A baby under the age of one has died from COVID-19 in Louisiana.
This is the first time in six months that state has recorded a pediatric death from the virus and the 11th overall since the pandemic began.
The reported death comes a day after the Bayou State reported a record-high 139 deaths on Tuesday.
Louisiana, like many other states, has suffered a surge of COVID-19 cases fueled by the Indian ‘Delta’ variant.
Details about the baby, including name, age, sex, hometown and where he or she died, are currently unknown.
A baby under the age of one died in Louisiana on Wednesday, the first pediatric COVID-19 death in six months. Pictured: Stamford Elementary school teacher Luciana Lira, 42, holds baby Neysel, then two weeks, to show his mother Zully, a Guatemalan asylum seeker, and her son Junior, 7, via Zoom in Connecticut, April 2020
Louisiana experienced its largest case surge since the pandemic began this summer. On August 13, the new daily case average reached 5,839, a new record. The state also recorded a record 361 deaths on Tuesday
The baby is among 361 Louisianans who have died in the past week, the most the state has recorded in a seven day span since the pandemic’s first wave.
Deaths in the state have increased by 55 percent over the past two weeks, from an average of 38 per day on August 10 to 59 per day on August 24.
Louisiana spent much of spring and early summer averaging single-digit deaths, with the recent surge proving to be a setback in the state’s efforts to end the pandemic.
New cases are beginning to slow in the state after reaching their peak two weeks ago.
After hitting a record 5,839 new cases on August 13, Louisiana has since been reporting an average of 4,683 new infections, a 20 percent decrease over 11 days.
Deaths usually lag behind cases by around two weeks, so it standard for a record death count to be set after a record case count.
The recent outbreak has caused hospitals to fill, and left many physicians overworked and traumatized with the amount of death taking place in the state.
Melinda Hunt, a registered nurse at Willis-Knighton Medical Center in Shreveport, is working six or seven days a week, waking up before dawn.
Her eyes filled with tears as she drove to work on a rainy morning alongside an Associated Press reporter.
Hunt, 24, decided to become a nurse when she was 6 and she watched the compassionate and skilled professionals help her younger sister who had leukemia
Hunt used to be upbeat and peppy.
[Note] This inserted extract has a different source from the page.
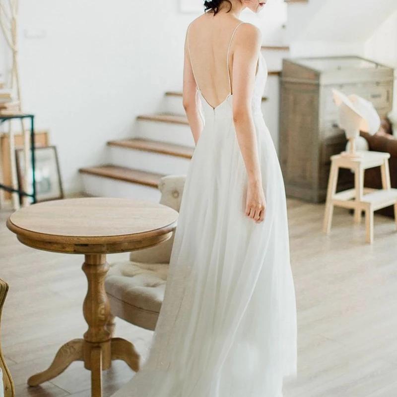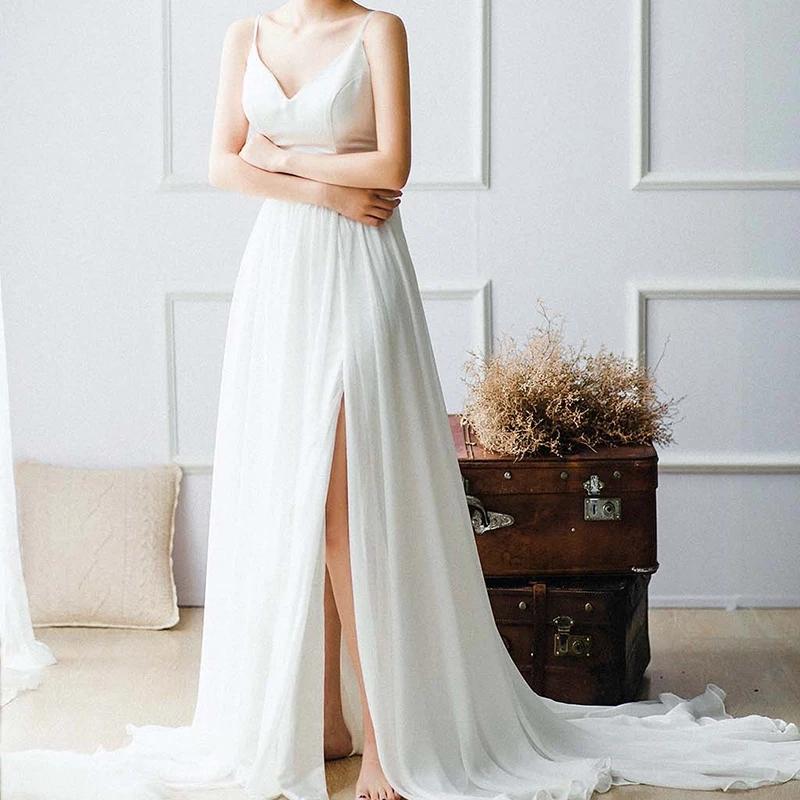 Simple Boho Spaghetti Straps Wedding Dress Backless Chiffon A Line Bridal Gowns Sumemr Beach Sexy High Split robes de mariée Fashion Garden
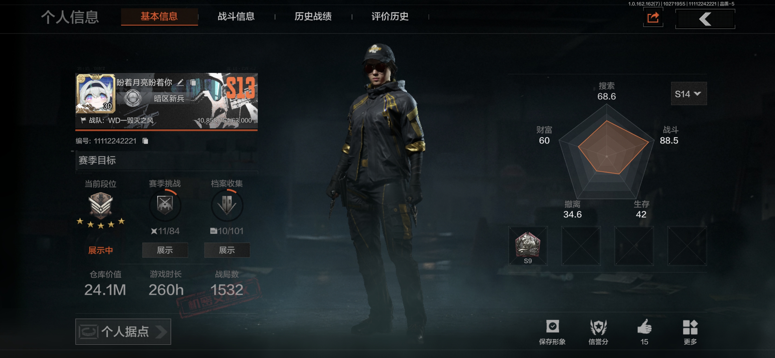 FY5669,总资产24m,近战武器:,赢家匕首,热能武器·补牢,寒牙手刺,角色装扮(紫):,王国卫队礼装,创伤小组·后勤工作服,都市夜影套装,金色枪皮:,利齿风暴·MPX,旧王圣谕·VSS,竞技·FAL,旧王圣谕·QBZ191,紫色枪皮:,棱光裂变·AKM,竞技·MDR,炎夏浪花·AR57,湖冰倒影·MP5,鱼跃丹青·M110,大金:,金狮子,盛宴雕像,古

But now she feels exhausted and drained.
Co-workers have noticed the change and sometimes ask her if she is OK or if she needs a break.
‘I don’t feel like I can take a break because we already don’t have nurses,’ she said.
By the time Hunt gets to the Infectious Disease Critical Care Unit around 6.30am, she pushes away the tears and the exhaustion.
There are COVID-19 patients who need her honesty and compassion.
‘These patients ask me, ‘Am I going to die?’ And I don’t want to tell anybody they’re going to die,’ Hunt said.
‘But I’m not going to give them false reassurance either.’
Around 120 of the 138 patients currently at the hospital with COVID-19 are unvaccinated, a trend across the state where unvaccinated pockets are being hammered by the virus.
Louisiana is among nine states where less than half of the population has received at least one dose of a COVID-19 vaccine, at only 48 percent.
Only 40 percent of the state is fully vaccinated.